Barbara Morgan – What exactly is a slutbag? [Looking it up on the Internet]. Whoa! So Barbara makes the list this week for unleashing an on-the-record diatribe against a former intern who spilled Weiner campaign secrets. It’s the most shocking rant that we’ve seen since Carl Paladino threated to take out Fred Dicker. Morgan at least had some success in deflecting media attention away from her boss, who has had a significantly worse week than she has, and tweeting a photograph of a swear jar filled with hundred dollar bills and a Visa card was clever. Of course, contributing to the narrative of the Weiner campaign as a train wreck doesn’t help.

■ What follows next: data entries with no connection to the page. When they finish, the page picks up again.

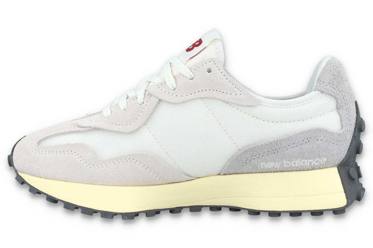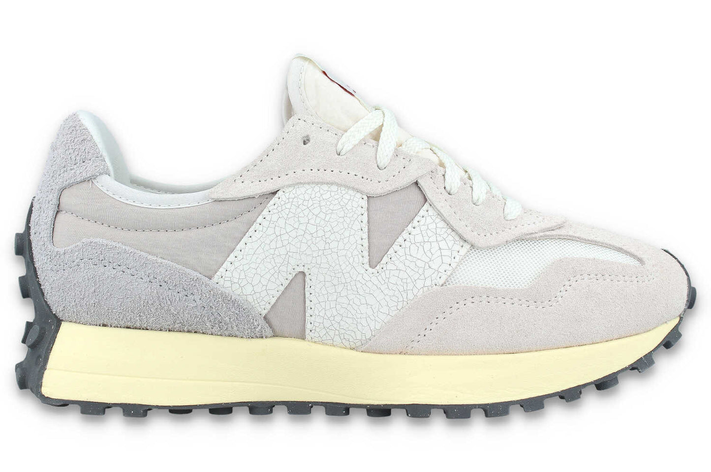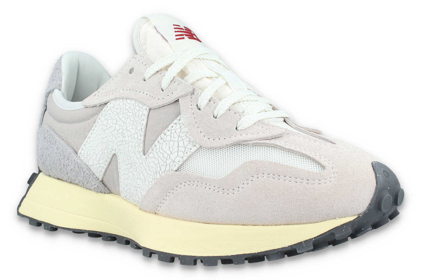 Als Freizeitjogging in den Siebzigerjahren populär wurde, verlagerte sich der Anspruch an Laufschuhe von der bloßen Existenz zur Leistung. Auch wenn die Designs dieser Zeit nach heutigen Maßstäben als schlicht zu bezeichnen sind, so haben sich Laufschuhe in diesem Jahrzehnt doch etabliert. Der 327 wirft ein neues Licht auf die Siebzigerjahre als Zeit der Innovation, indem er klassische Designelemente kühn aufgreift und auf durch und durch moderne Weise neu gestaltet. Mit einer kantigen Neuinterpretation der bewährten Keilsilhouette, einem übergroßen, asymmetrisch angebrachten 'N'-Branding und einer umlaufenden Stollen-Laufsohle im Trail-Stil bietet der 327 nicht weniger als eine komplette Neuinterpretation unseres traditionellen Laufschuhs.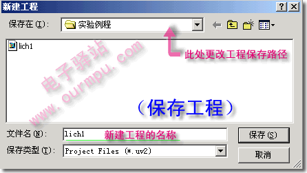 在保存工程對話框中輸入你的工程的文件名,Keil工程默認擴展名為".uv2",工程名稱不用輸入擴展名(見圖7),一般情況下使工程文件名稱和源文件名稱相同即可,輸入名稱后保存,將出現"選擇設備"對話框(圖8),在對話框中選擇CPU的型號。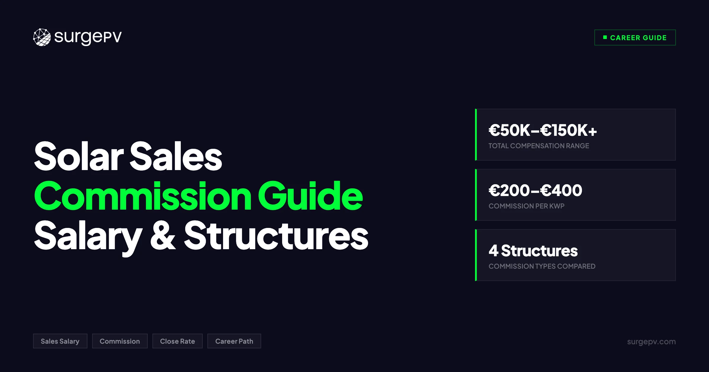 Solar sales is one of the few roles where a first-year rep can out-earn a mid-career engineer. The catch: compensation structures vary wildly, and the difference between a bad deal and a good one can mean €30,000+ per year in lost income.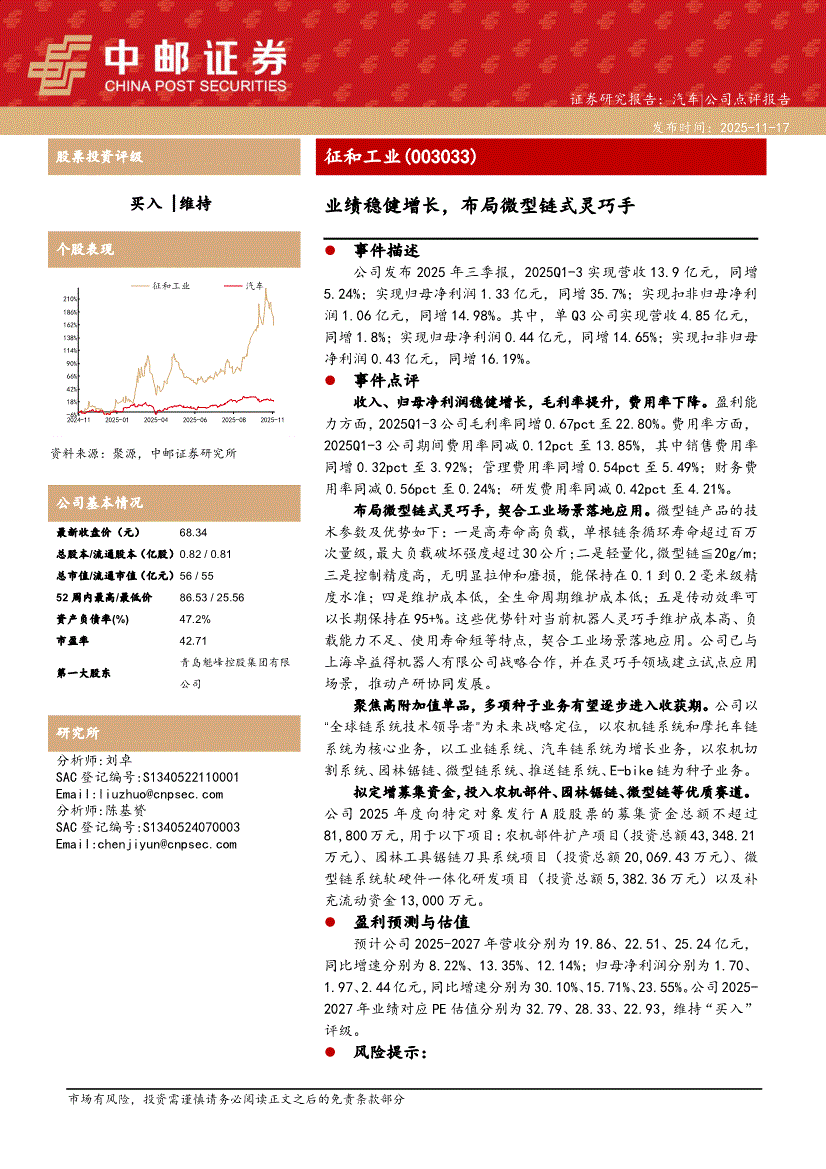 征和工业:中邮证券-征和工业-003033-业绩稳健增长,布局微型链式灵巧手-251117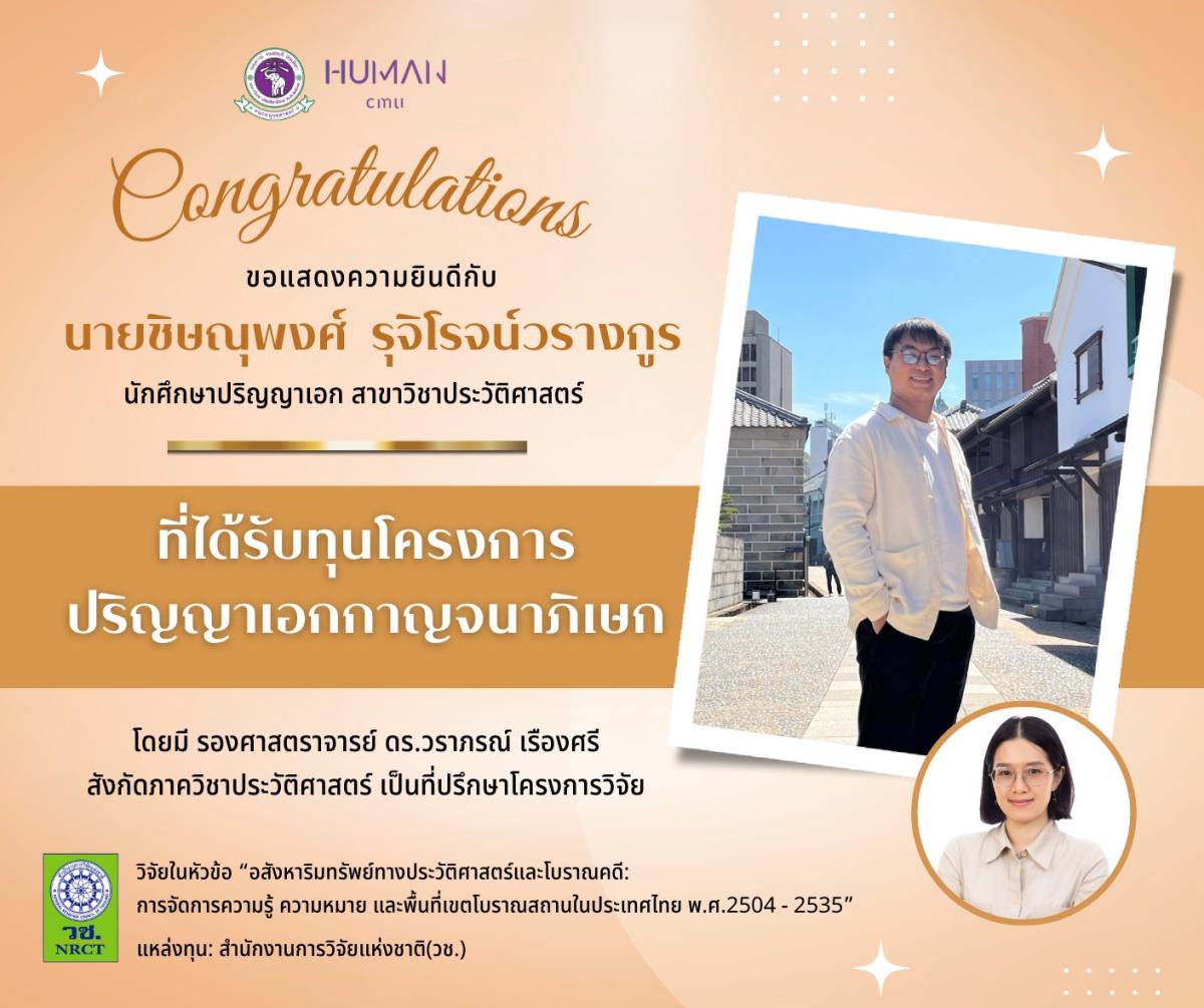 นายชิษณุพงศ์ รุจิโรจน์วรางกูร นักศึกษาปริญญาเอก สาขาวิชาประวัติศาสตร์ คณะมนุษยศาสตร์ มหาวิทยาลัยเชียงใหม่ ได้รับทุนโครงการปริญญาเอกกาญจนาภิเษกในหัวข้อ “อสังหาริมทรัพย์ทางประวัติศาสตร์และโบราณคดี: การจัดการความรู้ ความหมาย และพื้นที่เขตโบราณสถานในประเทศไทยพ.ศ.2504 - 2535” โดยมี รองศาสตราจารย์ ดร.วราภรณ์ เรืองศรี สังกัด ภาควิชาประวัติศาสตร์ คณะมนุษยศาสตร์ มหาวิทยาลัยเชียงใหม่ เป็นที่ปรึกษาโครงการวิจัย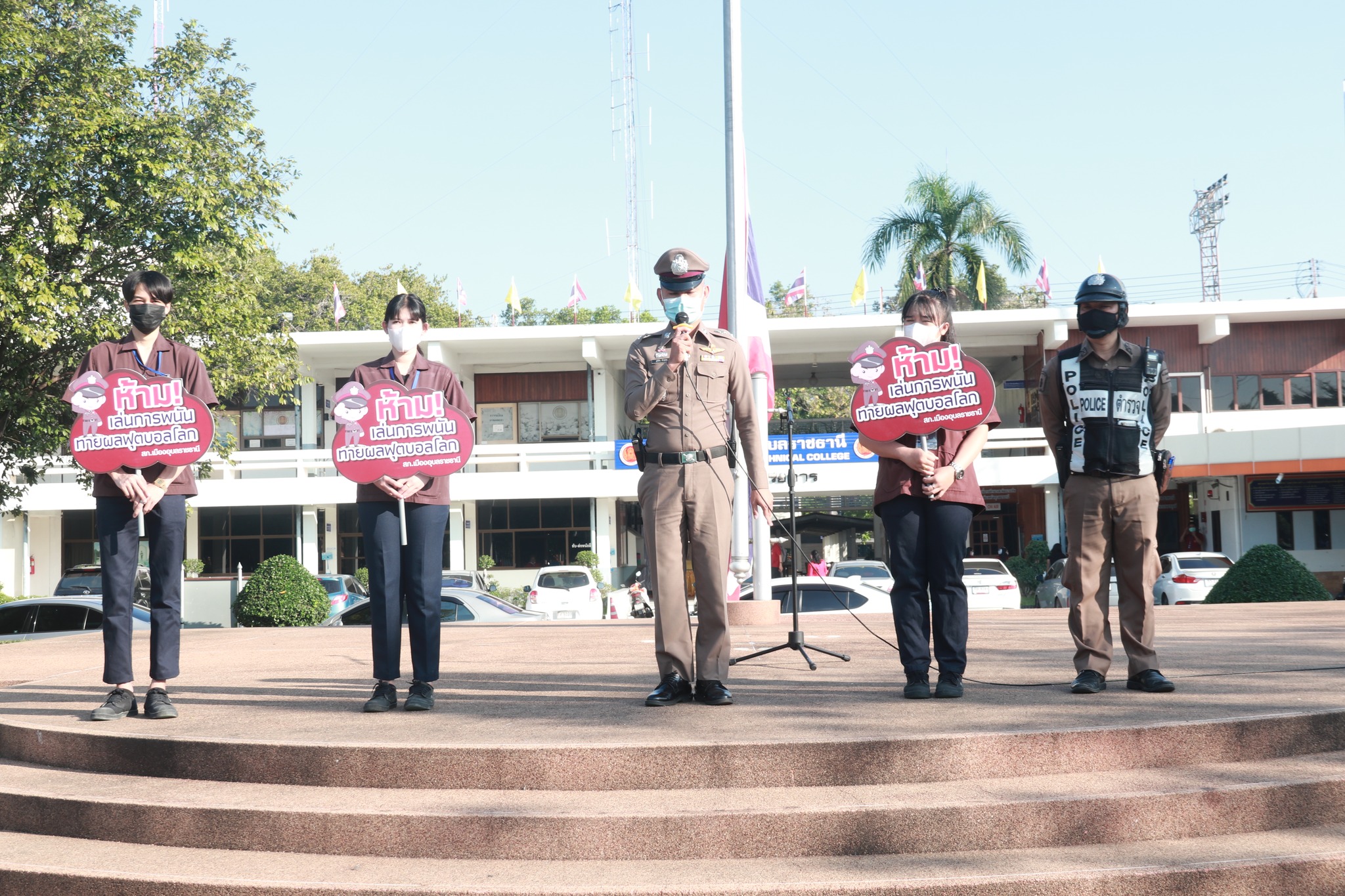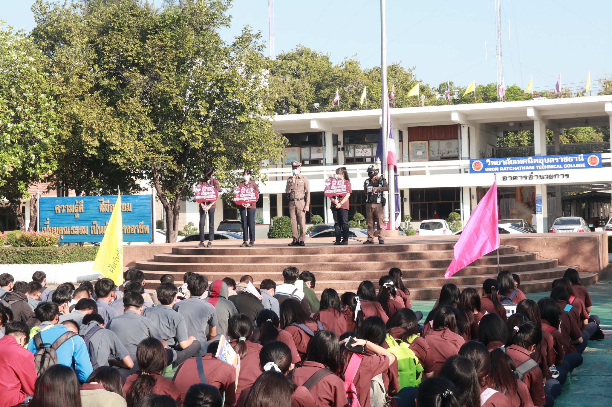 วันที่ ๓๐ พฤศจิกายน ๒๕๖๕ เวลา ๐๗.๓๐ น. นายธาตรี พิบูลมณฑา ผู้อำนวยการวิทยาลัยเทคนิคอุบลราชธานี พร้อมด้วย นางสาวสายฝนสาระผล รองผู้อำนวยการฝ่ายบริหารทรัพยากร นางราตรี สะดีวงศ์ รองผู้อำนวยการฝ่ายแผนงานและความร่วมมือ นำคณะครู บุคลากรทางการศึกษาที่เกี่ยวข้อง และนักเรียน นักศึกษา เข้าร่วมกิจกรรมหน้าเสาธงอย่างพร้อมเพรียง ในการนี้ได้รับเกียรติจาก พันตำรวจโทสุริยันต์ คำสอน สารวัตรงานปราบปราม จากสถานีตำรวจภูธรเมืองอุบลราชธานี มาให้ความรู้นักเรียน นักศึกษา วิทยาลัยเทคนิคอุบลราชธานี เรื่องข้อเสียของการพนันในช่วงบอลโลก กฎหมายเกี่ยวกับบุหรี่ไฟฟ้า กฎหมายเกี่ยวกับการแต่งรถจักรยานยนต์ และข้อควรระวังของการเดินทางคนเดียวในเวลากลางคืนอีกด้วย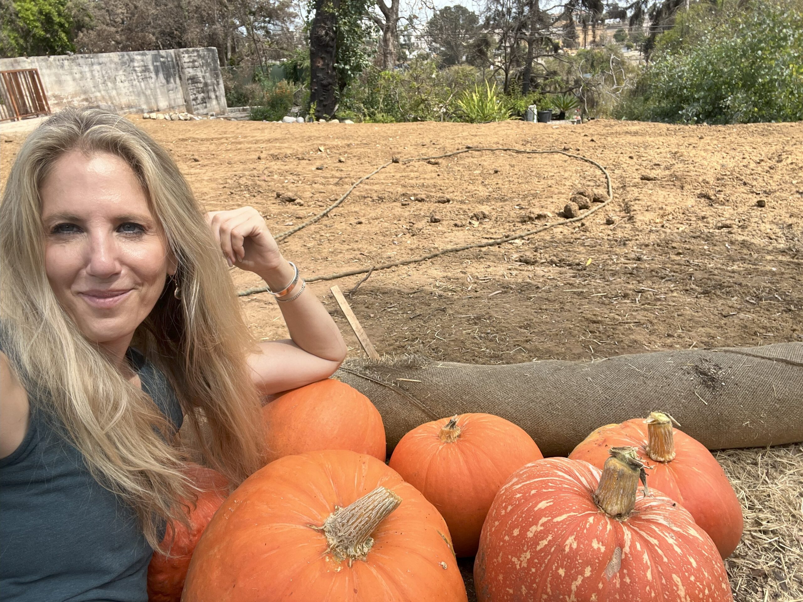 “Farmer” Jessica Rogers with her pumpkin crop that she grew this year in her lot.
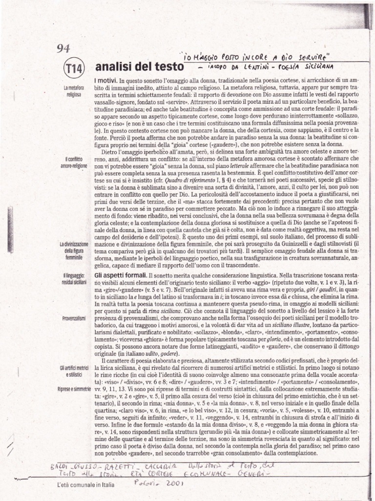 residuishiliani [Link] alcuni elementi dell'originario testo siciliano: il verbo naggloo (ripetuto due volte, v. 1 e v. 3), la rima ugireo/ugaudere, (v. 5 ev.7). Nell'originale infatti si aveva 'na rimavera e propria, gii / gaudii, in quanto in siciliano la e hrnga del lati:ro si trasformava in i; in toscano invece essa d e chiusa, che elimina la rima. In realt. tutta la poesia toscana conti:rua a mantenere questa pseudo-rima, in omaggio ai modelli siciliani: per questo si parla dtima sciliana. Ci che connota il linguaggio del sonetto a livello del lessico la forte Provenzalismi presnza di provenzalismi; che comprovano anche nella forma I'ossequio dei poeti siciliani per il modello trobadorico, da cui traggono i motivi amorosi, e la volont di dar vita advn sctliano llustre,lonta:ro da particolarismi dialettali, purificato e nobilitato: Kso\lazzoD,,londao, (claroD, uintendimento,r, uportamentoD, (collso-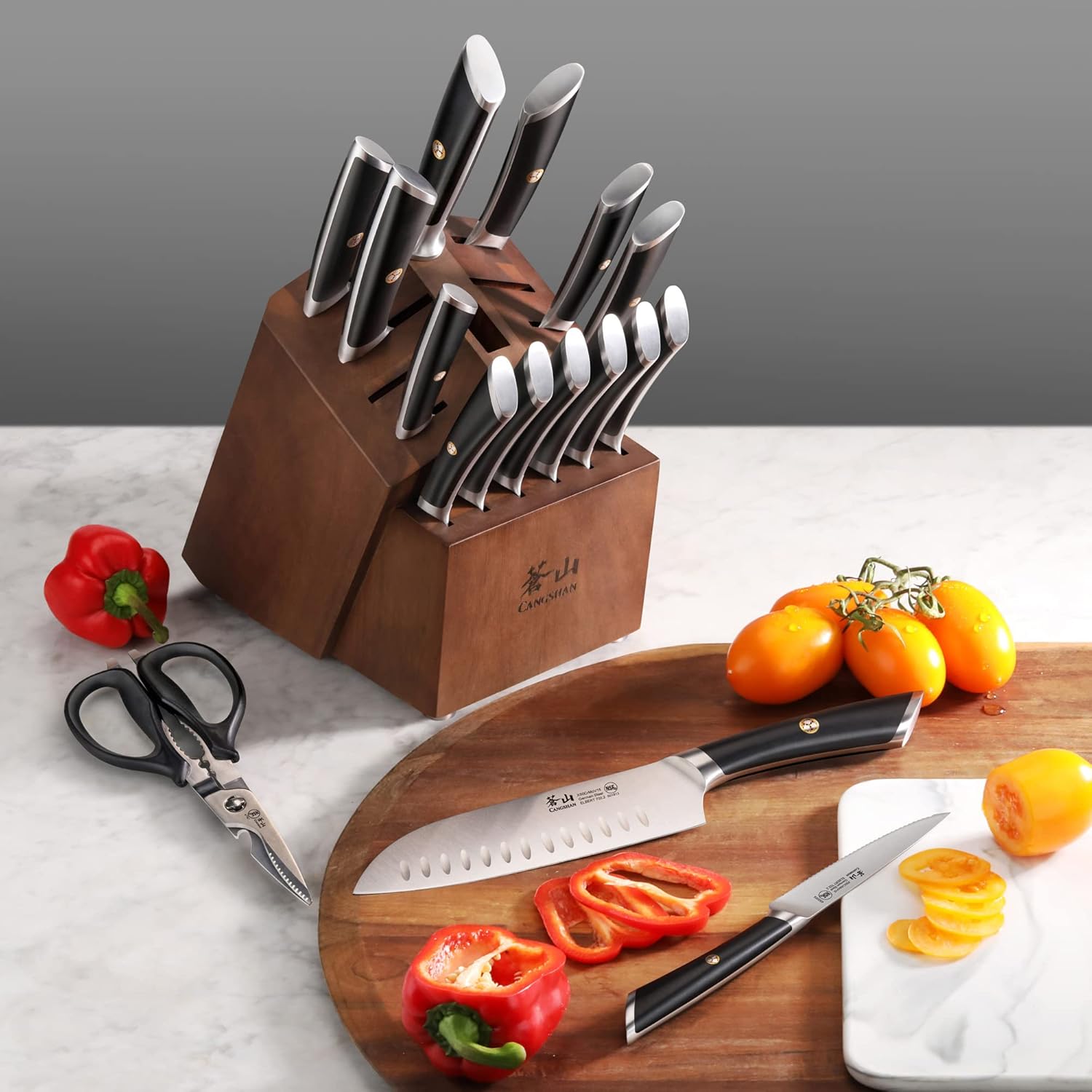• ELBERT Series German Steel Forged Knife Block Sets (17-Piece, Black)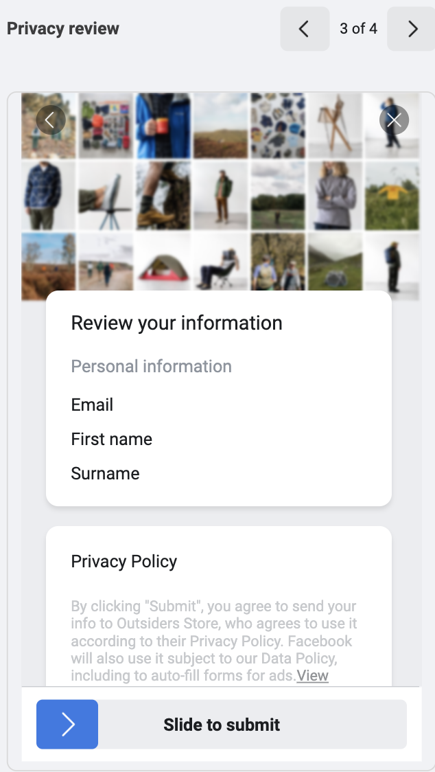 We kept the ads simple and slick. We utilised the platforms’ clever instant experiences, which means it only takes three clicks to be subscribed to the mailing list. Once you’ve pressed “next” the form is pre-filled with your information. It’s seamless, with very little room for drop-off.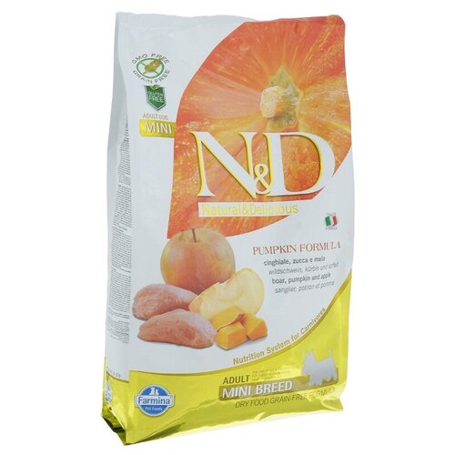 Две пачки корма Кабан, тыква и яблоко. Полнорационный беззерновой сухой корм для взрослых собак мелких пород. Ингредиенты

Eric Stevenson – Really? You’re asking lobbyists to give money for your legal defense fund and all they’re getting back is an evening of jazz in the Bronx? No steak dinner? No lucrative adult day care centers? How about at least some legislation that never makes it out of the Rules Committee? That’s gotta be worth at least $2,500 a head, right? Who do you think you are anyway, William Boyland Jr.? Is this thing on?
Bill Thompson - Thompson continues to puzzle with his position on stop-and-frisk policing, seemingly unable to decide whether to appease his base of African-American voters or satisfy the law enforcement unions that have endorsed him. He says stop-and-frisk has been abused by the Bloomberg administration, yet he also opposes City Council legislation that would establish an inspector general for the police department and allow individuals to sue the NYPD over racially profiling. He also made a dicey comparison between the NYPD suspects and George Zimmerman chasing down Trayvon Martin, exploiting a national story to make a headline. Two of his opponents, Sal Albanese and Bill de Blasio, have been hitting him on his flip-flopping, so it may be time to pick a side.